Example: Encoding x = 6.5

First, we convert 6.5 into binary: - 6 = 4 + 2 = 2^2 + 2^1, so in binary: 110 - 0.5 = 2^{-1}, so in binary: 0.1

Thus, 6.5 in binary is 110.1.

To express this in normalized binary form, we rewrite it as:

6.5 = 1.101 \times 2^2

Here, the exponent e = 2, and the mantissa M = 1.101.

IEEE 754 uses a bias to store only non-negative exponent values. For double-precision (64-bit) floating-point numbers: - The exponent is stored using 11 bits, - The bias is 1023.

So the encoded exponent is:

e_{\text{encoded}} = e + \text{bias} = 2 + 1023 = 1025

This value (1025) is written in binary and stored in the 11-bit exponent field.

The mantissa stores only the fractional part after the leading 1 (which is implicit), so we store 101 (from 1.101) and pad it with zeros to fill the 52-bit mantissa field.

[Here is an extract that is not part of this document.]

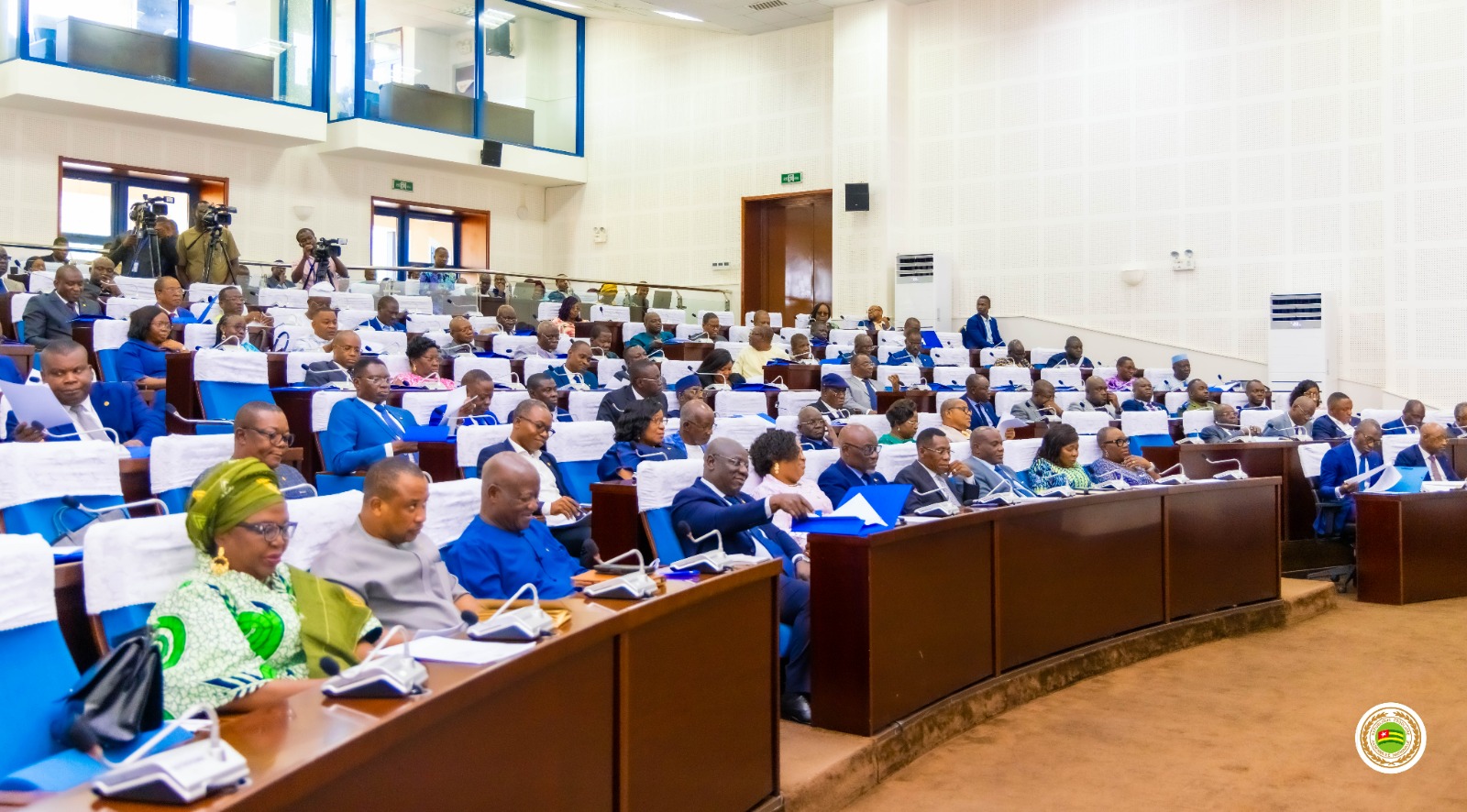 Je voudrais vraiment le remercier. Et également adresser ma reconnaissance au président de la commission des finances et à tous les membres de la commission des finances pour avoir sacrifié leur temps en quelques jours pour parvenir au rapport qui nous a été présenté et qui a favorisé l’adoption de ce projet de loi de finances rectificatives. Le projet de loi de finances rectificative, exercice 2025, approuvé par la représentation nationale à la majorité absolue, ce lundi 22 décembre, est projeté à 2.436 milliards de francs CFA en charges et en ressources contre 2.396,6 milliards de francs CFA dans la loi de finances initiale, soit une augmentation de 39,4 milliards de francs CFA”””.
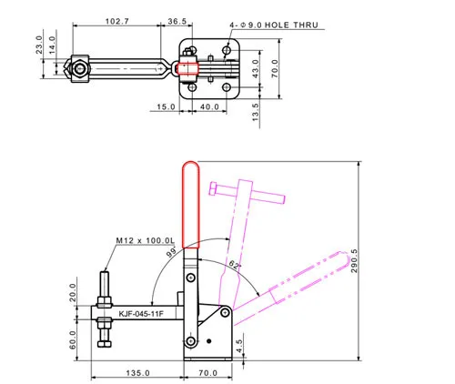Kẹp gạt loại thẳng KJF-045-11F (Lực kẹp 450 kg), một sản phẩm thuộc phân khúc kẹp tải trọng rất lớn của thương hiệu KJF (Hàn Quốc). Đây là một loại kẹp nhanh (toggle clamp), được thiết kế đặc biệt để cung cấp lực kẹp cực mạnh và thao tác đẩy/kéo theo phương thẳng cho các ứng dụng công nghiệp nặng.

In a dynamic typed language such as Python, the interpreter must operate type checks at runtime for every operation. Then the associated set of instructions for this type should be loaded. Leaving aside typing in Python makes it accessible for beginners. However, this introduces a significant execution time overhead.

Remember

Type inference reduces runtime.

Hinting the type

In the Julia programming language, type information is not mandatory. Let us examine, from the software perspective, how providing hints to the type inference algorithm allows us to maximize fast executing. First, let’s try to understand what the type inference algorithm is trying to do.

a = 2
b = 3
a+b

How does the type inference algorithm proceed on this code snipped?

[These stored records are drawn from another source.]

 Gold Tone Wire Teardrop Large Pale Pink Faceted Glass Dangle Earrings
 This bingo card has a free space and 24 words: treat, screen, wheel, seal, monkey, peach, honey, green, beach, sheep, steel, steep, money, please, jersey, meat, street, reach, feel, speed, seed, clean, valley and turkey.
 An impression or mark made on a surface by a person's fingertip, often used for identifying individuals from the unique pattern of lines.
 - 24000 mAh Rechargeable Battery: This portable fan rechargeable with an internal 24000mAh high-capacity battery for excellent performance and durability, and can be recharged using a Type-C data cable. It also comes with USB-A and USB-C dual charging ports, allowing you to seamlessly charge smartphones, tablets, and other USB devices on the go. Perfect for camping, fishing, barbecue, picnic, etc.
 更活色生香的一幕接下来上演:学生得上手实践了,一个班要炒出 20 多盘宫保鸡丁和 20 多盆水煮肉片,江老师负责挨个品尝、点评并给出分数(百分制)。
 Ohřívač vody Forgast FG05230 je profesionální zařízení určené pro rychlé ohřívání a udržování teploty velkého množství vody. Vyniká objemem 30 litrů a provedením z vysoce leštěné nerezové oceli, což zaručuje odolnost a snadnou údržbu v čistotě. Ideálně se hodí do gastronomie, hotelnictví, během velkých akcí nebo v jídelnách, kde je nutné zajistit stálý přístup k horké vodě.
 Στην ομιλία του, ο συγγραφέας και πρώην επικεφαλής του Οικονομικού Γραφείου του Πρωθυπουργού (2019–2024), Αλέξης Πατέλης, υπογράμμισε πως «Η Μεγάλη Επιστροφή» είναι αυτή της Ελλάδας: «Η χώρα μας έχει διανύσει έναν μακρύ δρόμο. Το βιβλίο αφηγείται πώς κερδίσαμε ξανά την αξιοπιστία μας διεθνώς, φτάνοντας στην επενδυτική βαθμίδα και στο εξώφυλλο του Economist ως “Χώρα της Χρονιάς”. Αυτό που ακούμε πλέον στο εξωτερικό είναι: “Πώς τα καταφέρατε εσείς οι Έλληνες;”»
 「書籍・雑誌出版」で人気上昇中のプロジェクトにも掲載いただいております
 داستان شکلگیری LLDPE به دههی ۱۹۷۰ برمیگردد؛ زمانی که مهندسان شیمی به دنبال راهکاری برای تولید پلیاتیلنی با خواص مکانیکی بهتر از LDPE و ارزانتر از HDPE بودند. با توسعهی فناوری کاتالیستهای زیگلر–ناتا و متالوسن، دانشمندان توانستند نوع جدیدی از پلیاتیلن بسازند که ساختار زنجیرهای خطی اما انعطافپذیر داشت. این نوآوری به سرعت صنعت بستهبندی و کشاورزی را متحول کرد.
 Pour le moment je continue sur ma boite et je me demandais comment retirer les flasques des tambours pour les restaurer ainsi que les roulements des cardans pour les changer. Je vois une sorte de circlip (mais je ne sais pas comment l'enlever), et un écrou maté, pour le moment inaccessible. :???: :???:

The value associated to a is the constant integer 2. The value associated to b is the constant integer 3. By the definition of the + operation on two integers, the result is an integer.

The type of a and b was found here by human knowledge. The type inference algorithm would have associated Any to both a and b. Indeed, the global scope of the REPL is too dynamic to be optimized. Further in thid section we will, thus, only consider type inference in functions.

function f(a,b)
    return a+b
end

f (generic function with 1 method)

Function f adds input variables a and b, for which no type hints are provided. Using @code_llvm, let us have a look at the associated CPU instructions for input variables of different types. The instructions generated by the compiler bellow are not in the Assembly language but in the intermediate representation (IR). It could be seen as a hardware agnostic Assembly language.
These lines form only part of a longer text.